Spending gap closes

  • 2011-02-23
  • From wire reports

RIGA - The ruling coalition reached agreement on a further 50 million lats (71.4 million euro) in budget consolidation measures at a meeting on Feb. 22, after agreeing that most of the new measures would be carried out by increasing tax proceeds, reports news agency LETA. In anticipation of the expected public disapproval over these additional cuts, the leader of the Union of Greens and Farmers, Augusts Brigmanis, cried out that “50 million is 50 million. It is not a small amount.”
The agreement closes the 11 million lats gap, between the 50 million lats additional budget consolidation called for by the group of international lenders and the 39 million lats that the government was already able to come up with.

Finance Minister Andris Vilks (Unity) previously said that most of the budget consolidation measures will be carried out by increasing tax proceeds; however, the coalition also put on the table possible cuts in education and other sectors.
The final negotiations centered on the ruling coalition’s previously proposed raising the lacking 11 million lats by increasing excise tax on liquor and cigarettes. “We plan to alter certain taxes and duties,” explained Vilks, adding that Unity had gone back on its intention to increase excise tax on diesel fuel.
Details on the specific agreement are yet to be released, but earlier discussion included Unity’s proposals to increase excise tax on liquor from 890 lats to 940 lats per 1,000 liters.

Unity estimates that this could bring an additional 4.5 million lats to the state budget. Unity also proposed to increase the tax rate for cigarettes from 48 lats to 52 lats per 1,000 cigarettes, and increase excise tax on smoking tobacco from 29 lats to 34 lats per kilogram. This, Unity believes, would increase budget revenue by 9 million lats.
At the same time, an increase on taxes on gambling was considered, and reduced payments for natural gas could be lifted; nevertheless, the 15.6 percent excise tax on natural gas was expected to remain unchanged, or even be lowered.
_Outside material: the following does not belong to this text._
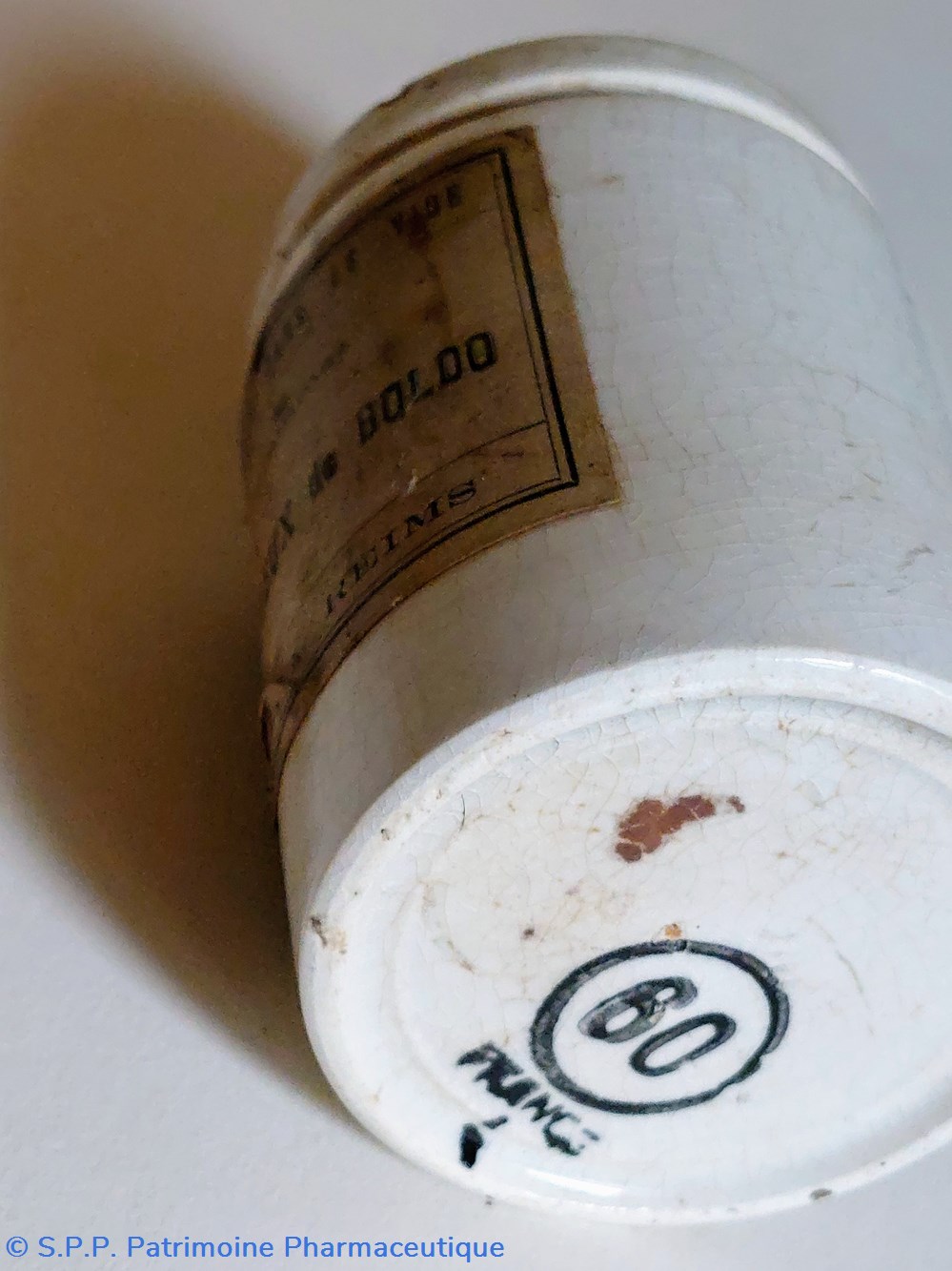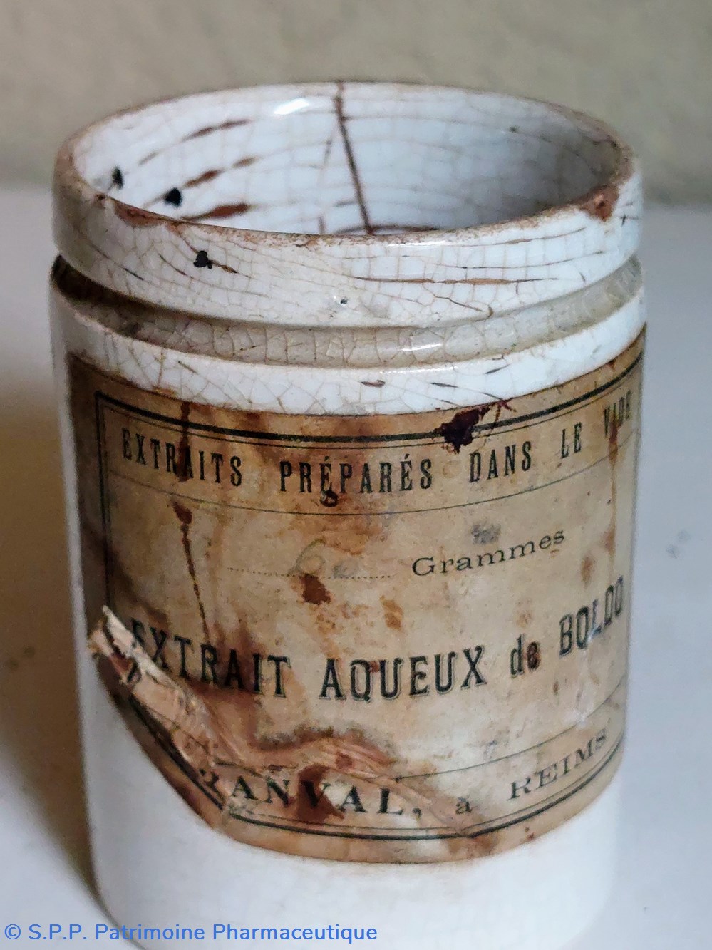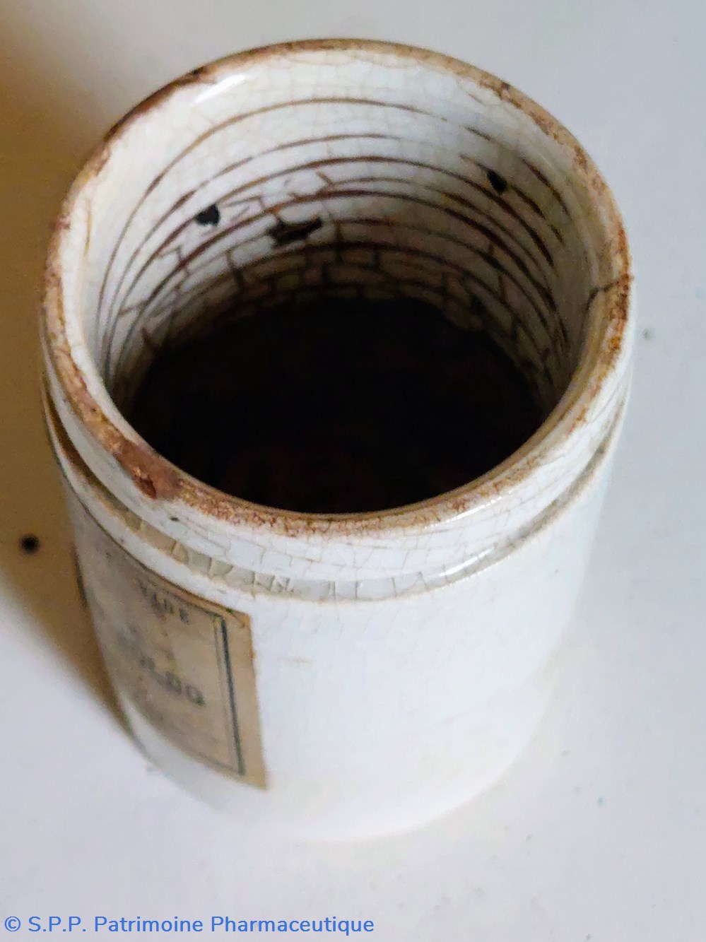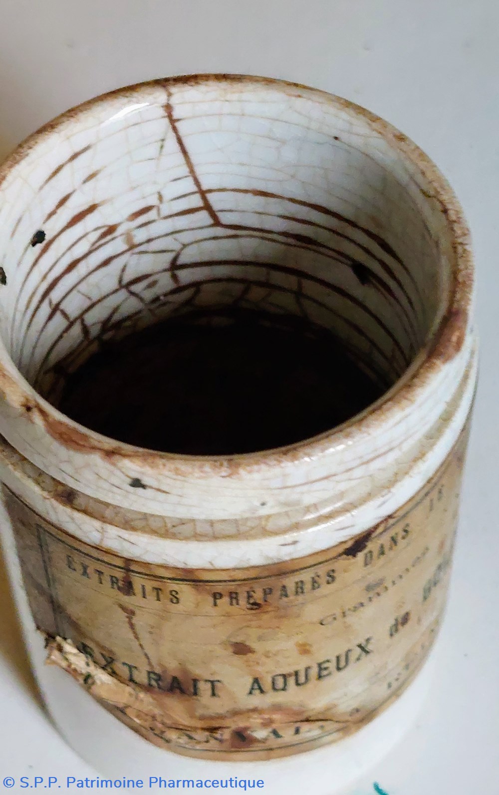 Absence d'étiquette et de bouchon mais coiffé d'un couvercle en tôle décor abîmé.

During the negotiations, Vilks said in an interview with daily Latvijas Avize that the government must be careful with taxes that are near the maximum or minimum limit - personal income tax, too small non-taxable minimum income, and large social insurance contributions. He noted that real estate tax has been comparatively low in Latvia, compared to other taxes. “This tax must be increased, so local governments would have a reliable source of income that they could make use of,” said the minister.

The minister went on to say that tax collection from tax evaders must be improved. If this plan is supported by the public, the government will not have to worry so much about budget revenue.
Latvia will have to convince international lenders about its plans to extract additional finances from the gray market, said Prime Minister Valdis Dombrovskis (Unity) on Feb. 18. He emphasized that the inclusion of measures against the shadow economy into the 50 million lats budget consolidation was the focus of the talks with the lenders. The government plans that combating the shadow economy would net 15 million lats to the state budget. The lenders are skeptical, forecasting this at only 9 million lats.

The international lenders’ consent to the plan is of key importance, as the consolidation measures must be in line with their demands for Latvia to receive the next loan installment, said Dombrovskis. Latvia’s 2011 budget is forecast at 5.4 percent of GDP budget deficit, which is significantly lower than the 6 percent set by the international lenders.
Vilks explained that agreeing on the full cuts would make it possible for the government to introduce its austerity measures from July 1.

Looking ahead, he stressed that he is “confident that during the work on the 2012 budget tax increases will not be considered, except a higher real estate tax. At the same time, we want to level out personal income tax rates in all three Baltic countries in 2013 and 2014; we have to return to the 20 percent tax rate. Social insurance contributions must also be analyzed, but we have to see what happens to the budget, how many employees there are in 2014, and structure the budget so that there is no large hole in the social insurance budget,” said Vilks.